Q: What is an ongoing and/or emerging food systems issue that sparks your passions right now?
Through my PhD explorations, I have been thinking deeply about questions of land sovereignty in relation to property law, and I am exploring how settlers are participating in movements towards justice. For example, landowners in Saskatchewan are collaborating in formal and informal agreements with proximate Indigenous communities to share access to land that, despite the colonial notion of “ownership”, remains Indigenous territory. I hope to continue learning about how this and other examples are pulling apart colonial notions of property, how these examples can work in relation to treaty rights, and how they might meaningfully respond to issues of land justice and food sovereignty.
Q: What were some turning points in your life that led your work into food systems? What does your work in food systems mean for you personally?
I grew up as 1 of 11 children on an 8-acre farm, to parents whose families had lost their farms and livelihoods to the Great Depression. My parents lived experience with hunger instilled in me a deep and personal understanding of household food security.

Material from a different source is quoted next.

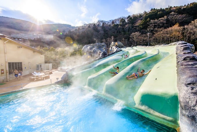 เริ่มทัวร์บ่อน้ำพุร้อนต่าง ๆ ที่มีเอกลักษณ์ของฮาโกเนะโดยการเยี่ยมชม ฮาโกเนะ โควะคิเอน ยูเนซัน สวนสนุกบ่อน้ำพุร้อนนี้จะมีอ่างชาเขียว อ่างไวน์แดง และอ่างกาแฟซึ่งมีที่นี่ที่เดียว นอกจากสไลด์เดอร์ให้สนุกกันแล้ว ที่นี่ยังมีอ่างอาบน้ำดั้งเดิมที่ผ่อนคลายด้วย

Growing up, we raised cattle for beef and tended a commercial fruit tree orchard, as well as a huge household garden. My grandparents raised chickens and shared their eggs. I grew up knowing what a strawberry warmed from the sun smelled like and what it felt like to wipe the dirt from freshly plucked carrots onto my pant leg. I grew up knowing what it meant to have a relationship with the cows my family processed. I also knew, from my earliest days, what good food tasted like, and I was intimately bound to these standards into adulthood. After I left the farm as a young adult, I couldn’t eat apples for 10 years because they simply didn’t taste like apples to me.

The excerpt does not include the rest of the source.